– Я просто спросила. Вы так смотрите, что я подумала про коньяк… вы ей тоже его предлагали?
– Это, ни в какие рамки не лезет. С ней мы пили чай… с лимоном. Спать будешь в детской.
Две стопки коньяка взбодрили, но третья заставила вспомнить, что после ванны девочке нужно что-то на себя накинуть. Предлагать халат жены было не с руки, могла что-то не то подумать. У Мирочки шестидесятый размер, у Алёны – максимум сорок четвёртый. Ей лучше подойдёт мужская рубашка.
Марат представил, как девушка накидывает на распаренное тело белоснежную распашонку, сквозь тончайшую ткань которой (он привёз эту модную модель из Гамбурба) просвечивает девственная грудь-яблочко нулевого или первого размера с малюсенькими восставшими вишенками.
Он любил ласкать упругую грудь Дамиры, но ностальгически вспоминал о том блаженном времени, когда её нежные перси целиком помещались в ладони.
– Алёнушка, дитятко, – приоткрыв дверь в ванную комнату, едва не утратив самообладание, произнёс хозяин квартиры, – этот наряд должен быть тебе впору. Какао закипело.
– Спасибо, дядя Марат.
Обращение дядя кольнуло. Коньяк предвещал нечто большее, чем светская беседа, хотя предпосылок к изменению статуса не было, но любой путь начинается с первого шага. Она ведь сама на что-то порочное постоянно намекает.

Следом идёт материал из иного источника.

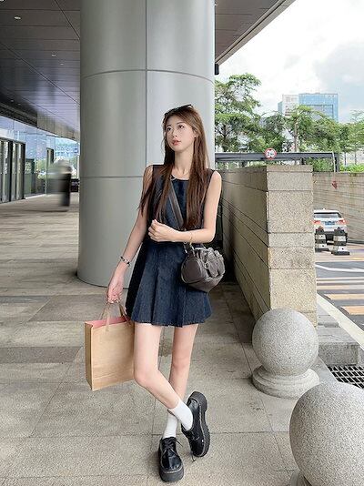 2024 春夏ワンピース ノースリーブ ラウンドネック ミニ丈 Aライン レトロ デニム生地 プリーツ 細見え 夏 おしゃれ かわいい 甘め キュート ラブリー 韓国ファッション レディース お出かけ
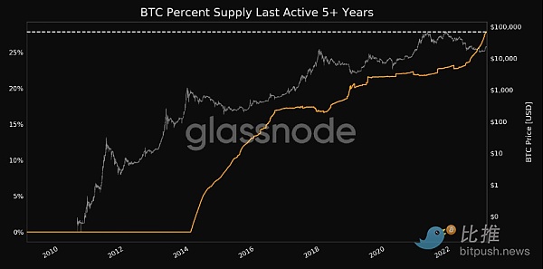在钱包中休眠了五年或更长时间的代币占总供应量的百分比在本周末创下了 27.85% 的历史新高。传统上处于休眠状态的 BTC 的数量也达到了五年来的最高水平。
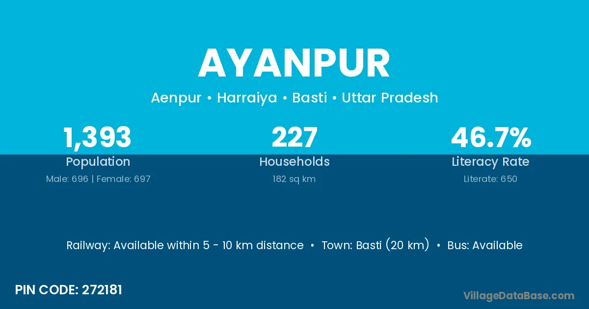 Basti (20 km) is the nearest town to Ayanpur village for major economic activities and is located approximately 20 km away.
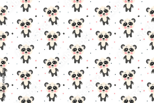 © Olga Voron, Obraz premium Seamless pattern with kawaii little cute sweet panda in full height for children on white background
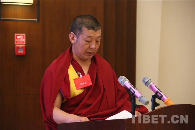 西藏自治區(qū)政協(xié)副主席、中國(guó)佛教協(xié)會(huì)西藏分會(huì)常務(wù)副會(huì)長(zhǎng)、西藏佛學(xué)院院長(zhǎng)珠康?土登克珠以“維護(hù)祖國(guó)統(tǒng)一和民族團(tuán)結(jié),堅(jiān)決反對(duì)分裂”為題,作教義闡釋演講。
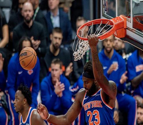 本场比赛中,尼克斯的替补中锋米切尔-罗宾逊(Mitchell Robinson)的表现还是相当突出的。罗宾逊全场出场15分58秒,投篮2中1,罚球8中3,得到了5分9篮板2助攻的数据,还有1次犯规,正负值则是达到了全场第三高的+15。罗宾逊的出场时间并不多,但是他还是展现出了自己全面的才能。罗宾逊在进攻端确实是粗糙了一些,他确实是没有能力得到更多的分数,甚至他在罚球线上的稳定性也是一塌糊涂的。不过罗宾逊在前后场篮板争抢方面的作用依然非常明显,他也是在出场时间非常有限的情况下拿下了大量的前场篮板。不仅如此,罗宾逊在护筐和内线防守方面也是能够起到一些作用的。罗宾逊在攻防两端都还是起到了很好的效果的,他在场上时球队的局面一片大好,这也能够体现在他超高的正负值上。
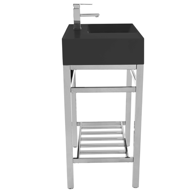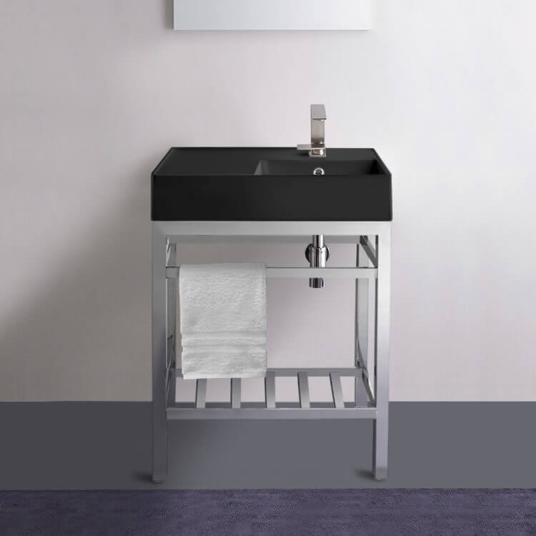 | Short Description: | Made from high quality ceramic in a matte black finish and stainless steel in a polished chrome finish, this modern console bathroom sink set is a perfect choice for your bathroom. Featuring left side sink counter space as well as a lower towel rack with more usable space, this solution is perfect to keep your bathroom always tidy. |
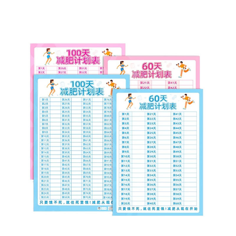 减肥打卡记录表瘦身时间计划监督减肥自律神器激励提醒贴纸60天100天减肥自律励志墙贴健身运动励志日历
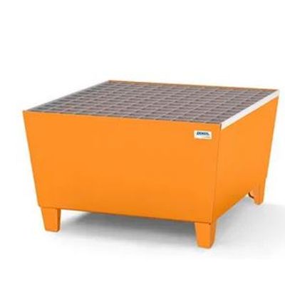 Spill pallet base-line in steel for 4 drums, painted, accessible underneath, with grid,1240x1210x425. The cost-effective alternative for legally-compliant storage. Quick delivery. Welded steel design, powder coated, 2 mm. Approved for storing flammable liquids (H224-226) and substances in all water-polluting classes.
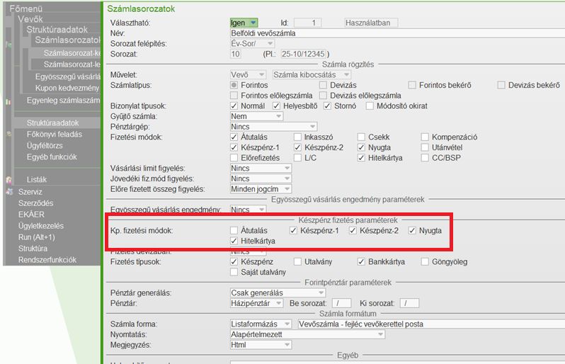 A Számlasorozatokban sorozatonként külön-külön meg kell adni, hogy az adott sorozatban a hitelkártyás fizetés készpénzesnek minősüljön:
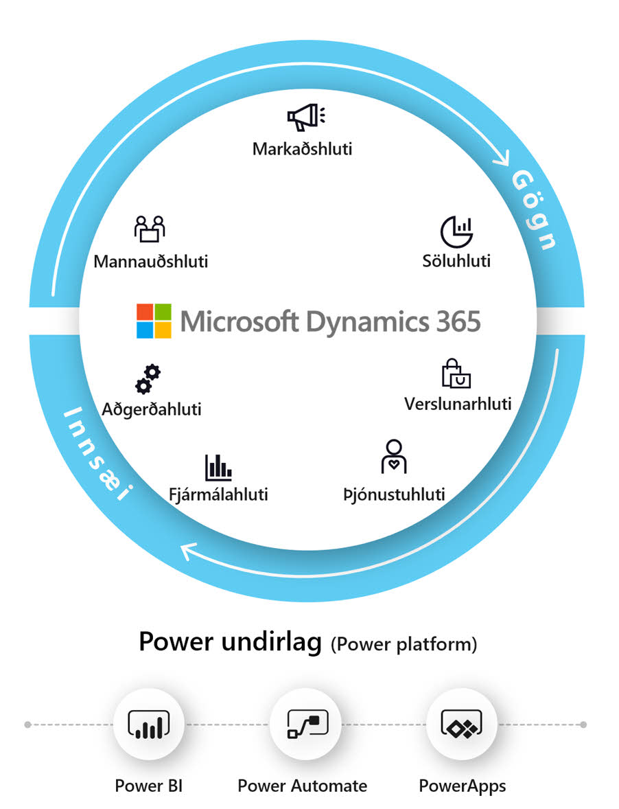 Dynamics 365 er skýjalausn frá Microsoft sem sameinar CRM og ERP, tengir gögn við ferla og nýtir gervigreind til að flýta ákvarðanatöku. Lausnin hjálpar þínu fyrirtæki að vera skrefinu á undan í samskiptum, sölustýringu og rekstri – og við aðstoðum við innleiðingu sem skilar árangri.
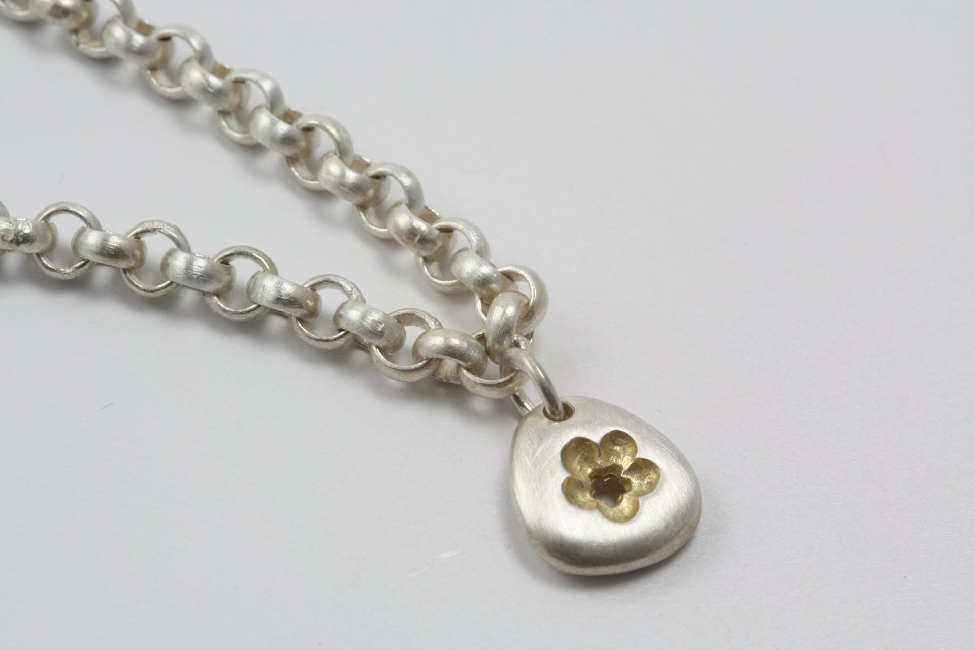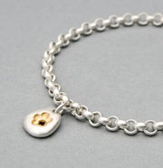 Solid hand-finished silver Pebble charm bracelet on round 4mm link chain. Single matt silver pebble flower with 18ct gold inner gold detail.
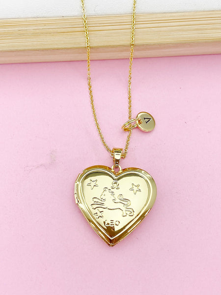 This is a gold-tone heart locket charm with hand stamped initial charm on brass or stainless-steel chain. *We do not provide the service of adding photos to lockets. *
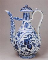 壶撇口,细颈,垂腹,圈足。长曲柄,柄上有小系,流与颈间有云形板连接。盖拱顶,圆系钮,与柄系相对应。通体青花纹饰,颈饰蕉叶纹,下饰缠枝莲纹,腹两面饰菱形开光,一面内绘折枝桃纹,一面内绘枇杷果纹,间隔处饰缠枝花卉纹。

“А не испить ли нам коньячку, графиня? Я готов принять у вас самый важный экзамен. Назовите хотя бы одну причину не хотеть вас. Интересно, что дама на это ответит? Я бы наверно не смог отказать… если бы был женщиной… девушкой”
Алёна вышла к столу распаренная, девственно сдобная, полыхая призывно губами и щеками. Четвёртая рюмка коньяка оказала поистине магическое действие, но…
Девочка зевнула, аппетитно потянулась, нескромно обнажив аппетитный зад: самую малость, краешек. У Марата перехватило дух: мечта сбывается.
Это ли не призыв, это ли не демонстрация беспредельного доверия?
– Я спать. Утром поем. Можно?
Марата словно ледяным душем окатили: бежал навстречу мечте с распростёртыми объятиями, практически слился, а она… неблагодарная!
– Да-да, Алёнушка, конечно спать, как же иначе!
“Не насиловать же её! Столько всего наобещала, а сама, – сокрушался Марат, – теперь не усну”
Ночь полосовала стены танцующими бликами. Мерцающие тени резвились, словно в театре теней, где опытные актёры могли изобразить любое действие.
Марат вживую видел Алёну, себя, то ли над ней, то ли под ней. Её летящие руки давали волю неуёмной фантазии, манили, позволяли игривые эксперименты: плавно расправлялись и опадали узкие плечи, ритмично вздымался над неподвижным телом девственный торс с рельефными колокольчиками, вверх-вниз и в стороны разлетались пряди волос.
– Марат, – позвала Алёна, – мне страшно. Давайте поговорим.
– Конечно, дитя. О чём?
Кровь его бурлила, требовала решительности, настойчивой предприимчивости, безрассудства.